Architecture of the WSO2 Stream Processor

Take a Deep dive in to WSO2 SP using this link

https://docs.wso2.com/display/SP400/Stream+Processor+Documentation

There are three types of WSO2 SP clusters.

  1. Minimum High Availability Deployment
  2. Distributed Deployment
  3. Multi Datacenter High Availability Deployment

In this post I will focus on the architecture of Distributed Deployment Pattern of WSO2 Stream Processor and how a distributed siddhi application will be executed after it gets deployed. Before diving in to that, Let’s see what is a distributed system.

Distributed

A distributed system is one which is split into multiple running machines, all of which work together in a cluster to appear as one single node to the end user. The benefits to this approach are high availability and fault-tolerance.

This deployment pattern is suitable in such scenarios where single SP fails to manage high amount of data as it allows complex event processing in a distributed manner. i.e High volume of data will be distributed among multiple SP instances instead of having them accumulated at a single point.

Let’s understand the architecture of the Distributed Deployment.

From the following figure, you can get an idea about work flow of this deployment pattern.

Manager cluster

The manager node is the essential component in the distributed cluster as it functions as the brain of this cluster. The manager cluster contains two or more WSO2 SP instances where one will be active node and others are passive nodes. These nodes are configured to run in the high availability mode as when active manager node goes down, other node in the cluster will be elected as the manager to handle the resource cluster. The manager cluster is responsible for parsing a user-defined distributed Siddhi application, dividing it to multiple Siddhi applications according to the execution group, creating the required topics and then deploying them in the available resource nodes. The manager cluster also handles resource nodes that join/leave the distributed cluster, and re-schedules the Siddhi applications accordingly.

Resource cluster

A resource cluster contains multiple WSO2 SP instances. Each instance sends a periodic heartbeat to the manager cluster so that the manager can identify the active resource nodes. The resource nodes are responsible for running Siddhi applications assigned to them by the manager nodes. A resource node continues to run its Siddhi applications until a manager node undeploys them, or until it is considered as unresponsive. A node is considered inactive when it fails to return heartbeats for a specified amount of time. If a resource node is identified as inactive, manager node undeploys its Siddhi applications waits for available resource nodes to reschedule.

Deployed Siddhi applications communicate among themselves via Kafka topics.
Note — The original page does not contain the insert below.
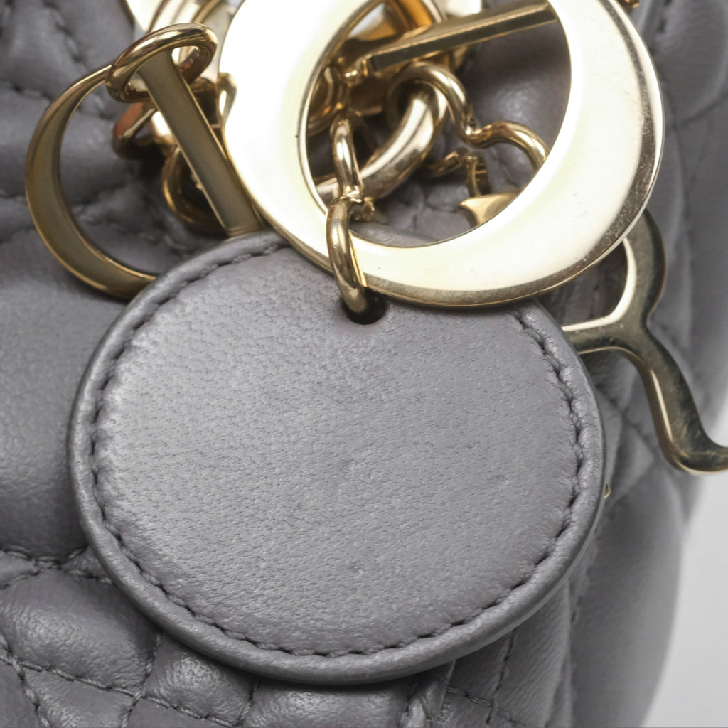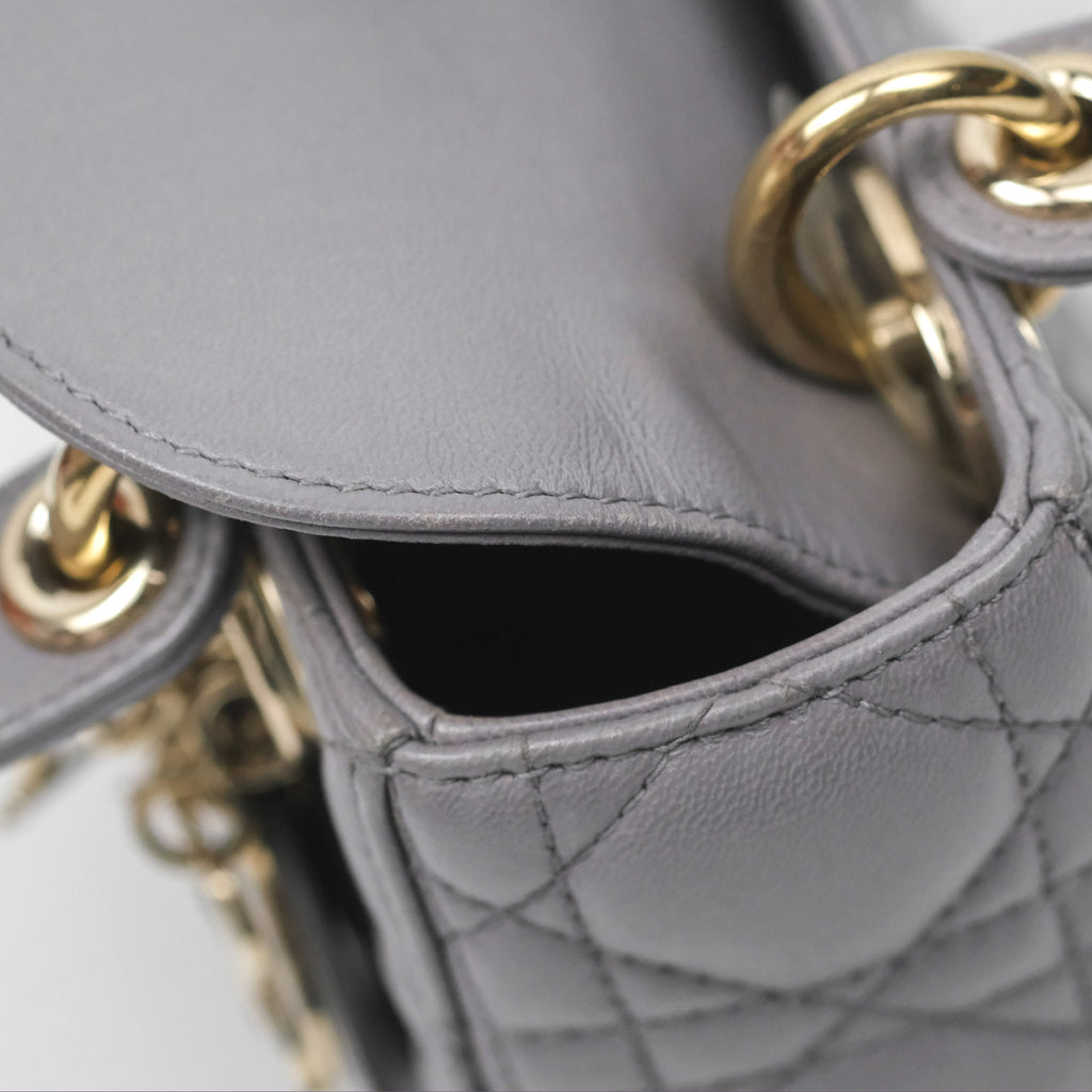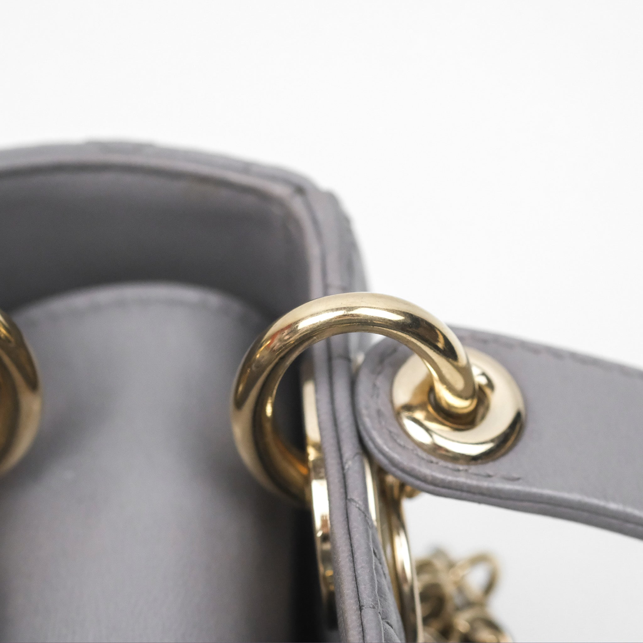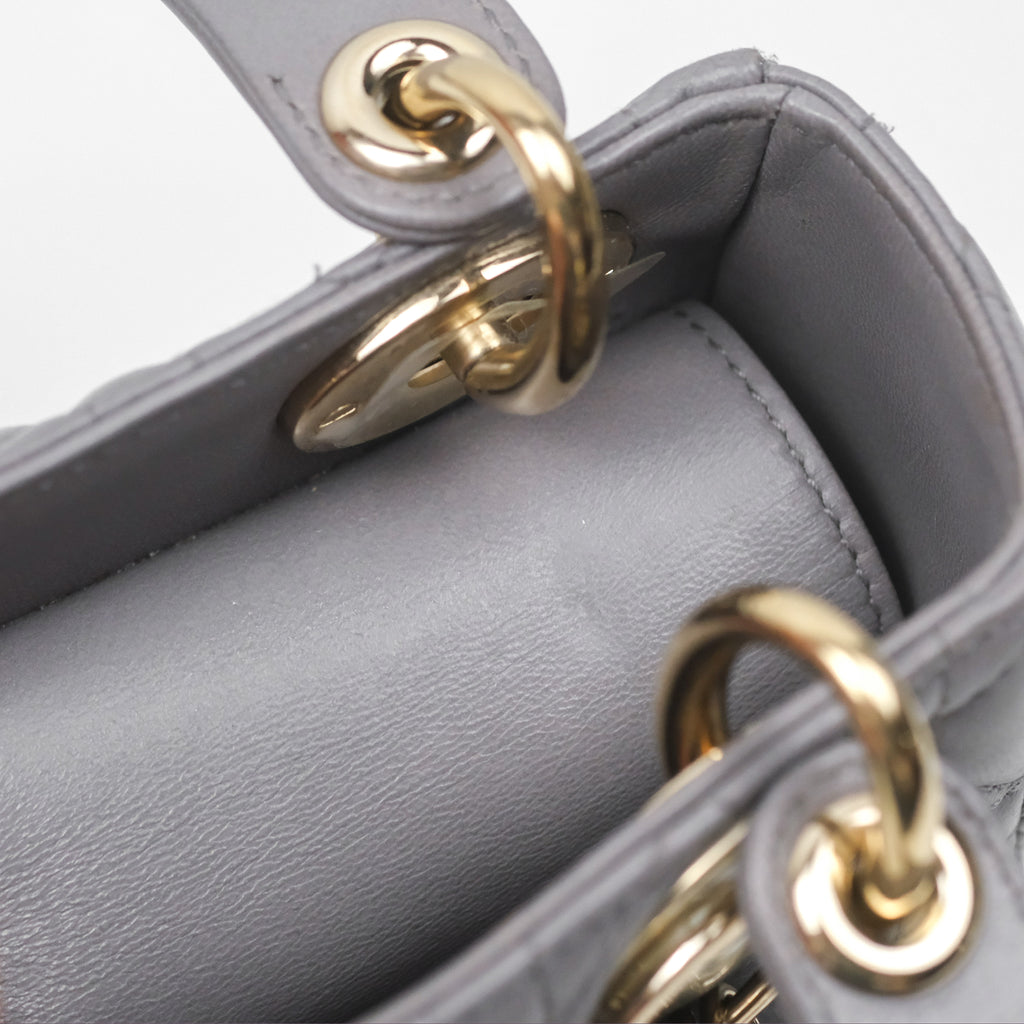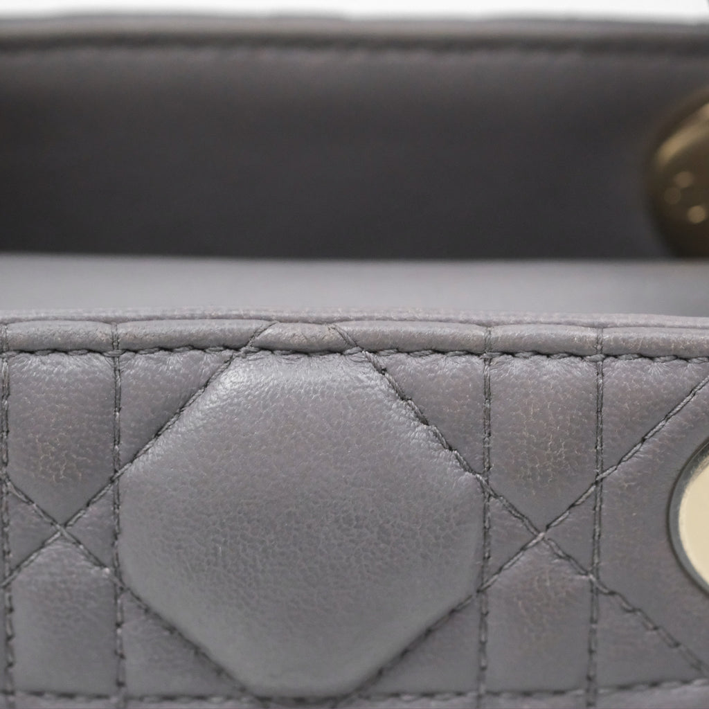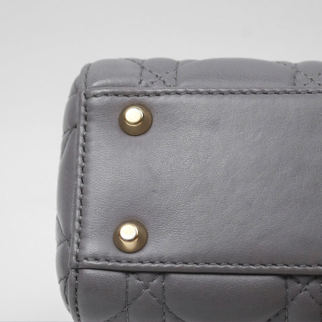 Christian Dior Mini Lady Dior Grey Lambskin Cannage Gold Hardware

User can identify which manager node is active and which resource nodes are in active state through the logs printed in its corresponding terminal.

Kafka cluster

Kafka is a distributed streaming platform. Kafka is distributed in the sense that it stores, receives and sends messages on different nodes (called brokers). The Kafka cluster stores streams of records in categories called topics. Here Kafka cluster holds all the topics used by distributed Siddhi applications. All communications between execution groups take place via Kafka. You can only publish and receive data from distributed Siddhi applications via Kafka. In order to do so, you can either define a Kafka source in the initial distributed Siddhi application or use the Kafka source created by distributed implementation. Note that installing Kafka and Zookeeper is a prerequisite to configure a distributed deployment.

Take a deep dive into kafka

https://kafka.apache.org/intro

Now let’s see a example of Distributed Siddhi Application and how it is deployed in this cluster.

Distributed Siddhi applications

In a distributed Siddhi application, an execution group is a single unit of execution. All the executional elements with the same execution group are executed in the same Siddhi application. For each execution group, a specified number of parallel Siddhi application instances are created. This is done via the @dist annotation.

e.g., The following distributed Siddhi application contains two execution groups named group1 and group2. No specific number of parallel instances are specified for group1, and therefore, only one instance is created for it at runtime by default while two parallel instances are specified for group2.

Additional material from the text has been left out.